An adversary with compromised IAM write privileges creates a new group in AWS IAM and grants it excessive permissions to establish a persistence mechanism.

This threat brief focuses on the malicious creation of AWS IAM groups as a persistence mechanism. An attacker who has gained unauthorized access to an AWS account, specifically with IAM write privileges, might create a new IAM group. This new group is then configured with highly permissive policies, such as AdministratorAccess, or policies allowing broad access to resources such as S3 buckets or other IAM resources. The adversary can then add users or roles to this newly created group, granting them the inherited, elevated privileges. This activity is logged as a CreateGroup event within AWS CloudTrail. This technique allows the attacker to quietly maintain access to the AWS environment, even if the initially compromised credentials are revoked.

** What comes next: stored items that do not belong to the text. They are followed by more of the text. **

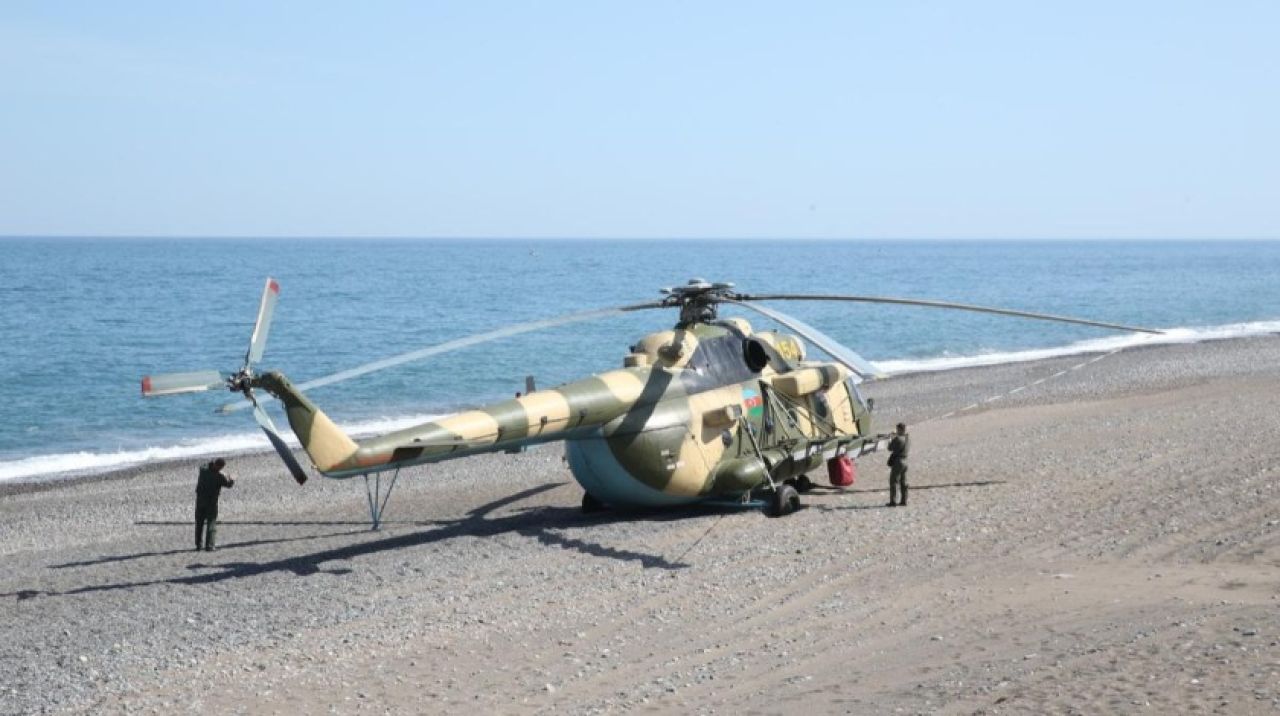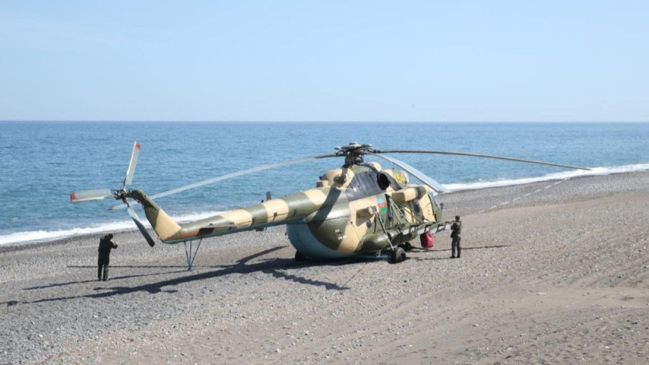 Giresun'da sahile zorunlu iniş yapan Azerbaycan'a ait askeri helikopterdeki arızanın giderilmesi için çalışma başlatıldı.
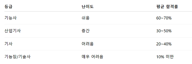- 기능사: 입문용, 누구나 도전 가능 (17세 이상이면 응시 가능)
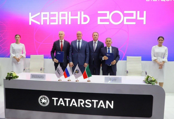 На нем состоялось подписание соглашения о проведении в Казани международного спортивного события «Игры Будущего 2024». Подписи на документе поставили министр спорта Олег Матыцин и президент Республики Татарстан Рустам Минниханов.
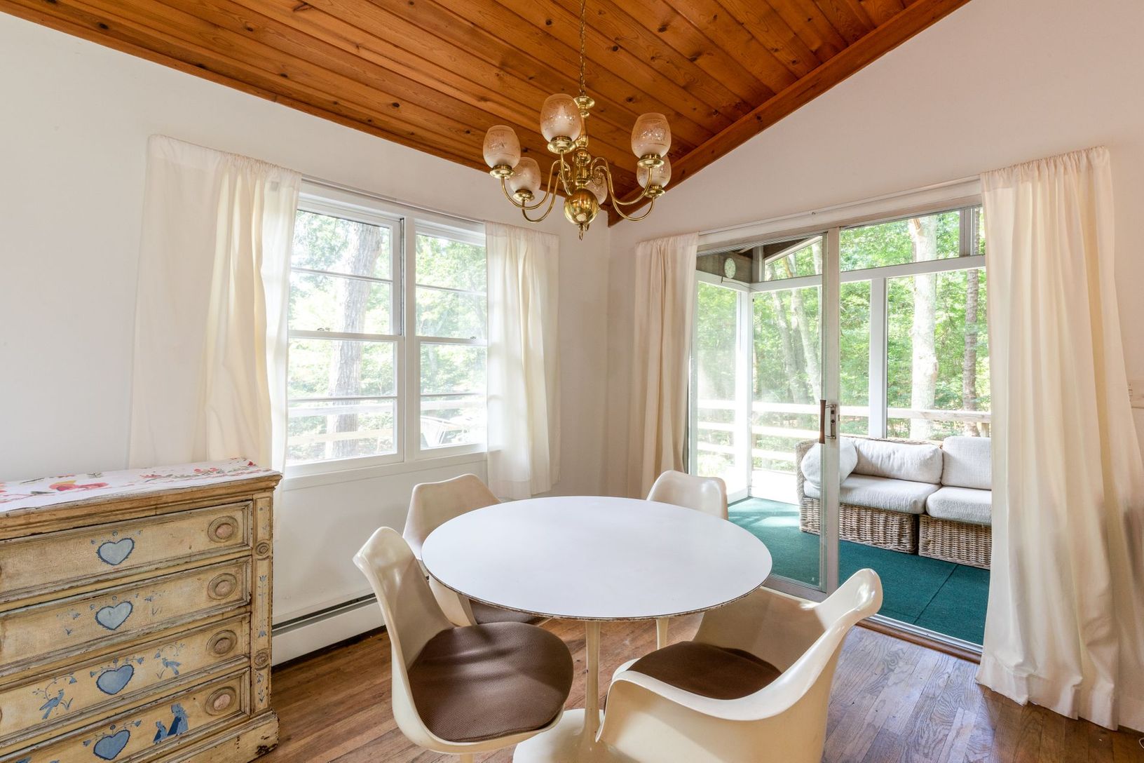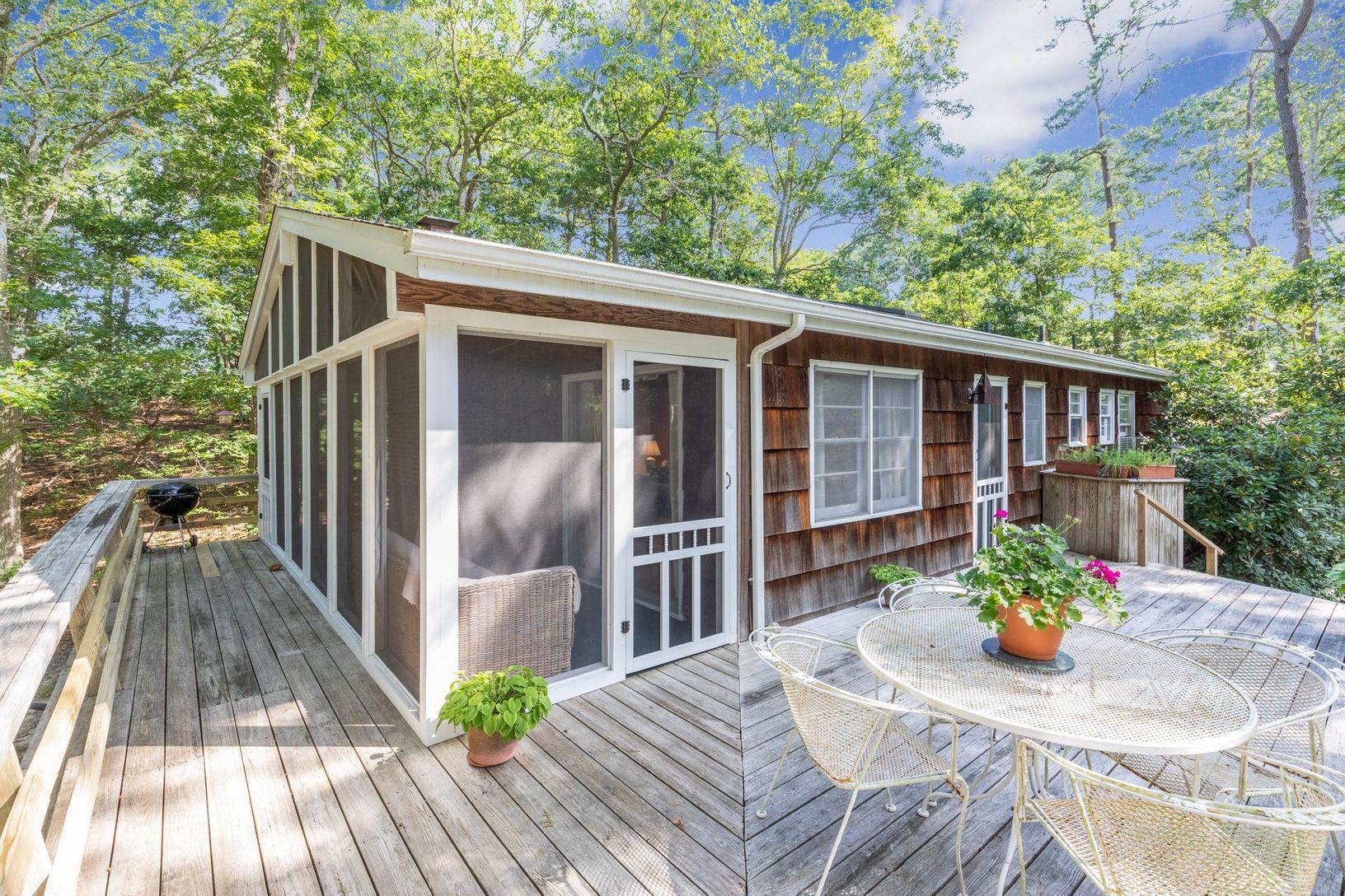 Delightful Hampton Cottage Set on .58 of an acre Flag Lot. Open concept living with vaulted ceiling, skylights, and wood burning fireplace has a wrap around deck and screened porch for outdoor entertaining and peaceful relaxation. There are 3 bedrooms, and with 1 having a half bath. This is a very sunny lot with plenty of room to expand or add a pool. You will feel like you are in a rural retreat, yet so close to beaches, restaurants, shopping
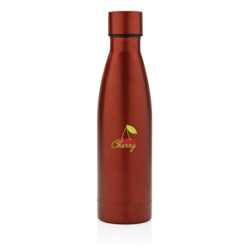 Butelka termiczna 500 ml, podwójne ścianki z próżnią pomiędzy, utrzymuje temperaturę napojów ciepłych do 5 godzin oraz zimnych do 15 godzin, wykonana ze stali nierdzewnej z recyklingu z certyfikatem RCS (Recycled Claim Standard) który gwarantuje, że wykorzystane materiały pochodzą z recyklingu, całkowita zawartość materiału z recyklingu obliczona w oparciu o wagę całkowitą przedmiotu: 93%, pasuje do większości uchwytów samochodowych, w pudełku z papieru kraftowego z certyfikatem FSC® (Forest Stewardship Council)

The Elastic detection rule "AWS IAM Group Creation," last updated on April 10, 2026, aims to identify this activity.

Attack Chain

  1. Initial compromise of AWS credentials with IAM write privileges (e.g., via phishing, credential stuffing).
  2. The attacker authenticates to the AWS environment using the compromised credentials.
  3. The attacker executes the CreateGroup API call via the AWS CLI or AWS Management Console to create a new IAM group.
  4. The attacker uses the AttachGroupPolicy API call to attach a highly permissive policy (e.g., AdministratorAccess) to the newly created IAM group.
  5. The attacker uses the AddUserToGroup API call to add existing IAM users or roles to the newly created IAM group, granting them elevated privileges.
  6. The attacker uses the newly gained privileges to access resources, modify configurations, or exfiltrate data.
  7. The attacker maintains persistent access by utilizing the added users/roles even if initial credentials are revoked.

Impact

A successful attack can lead to a significant breach of confidentiality, integrity, and availability. An attacker with persistent, high-privilege access can modify critical infrastructure, steal sensitive data, or disrupt services. While the number of direct victims isn't specified in this source, the impact can range from a single compromised AWS account to widespread disruption across multiple organizations relying on the compromised AWS services. The severity depends on the level of access granted to the malicious group and the value of the resources accessible through that group.

Recommendation

  • Deploy the provided Sigma rule to your SIEM to detect anomalous IAM group creation events.
  • Investigate any CreateGroup events, especially when followed by AttachGroupPolicy or AddUserToGroup events within a short timeframe (see "AWS IAM Group Creation" rule and investigation guide).
  • Monitor CloudTrail logs for CreateGroup events and correlate them with other IAM activity to identify suspicious patterns (refer to the aws.cloudtrail.user_identity.arn and related fields described in the provided documentation).
  • Implement the principle of least privilege, restricting who can call iam:CreateGroup, iam:AttachGroupPolicy, and iam:AddUserToGroup (as mentioned in the remediation steps).

Detection coverage 2

AWS IAM Group Creation

low

Detects the creation of a new IAM group in AWS, which could be a sign of malicious activity.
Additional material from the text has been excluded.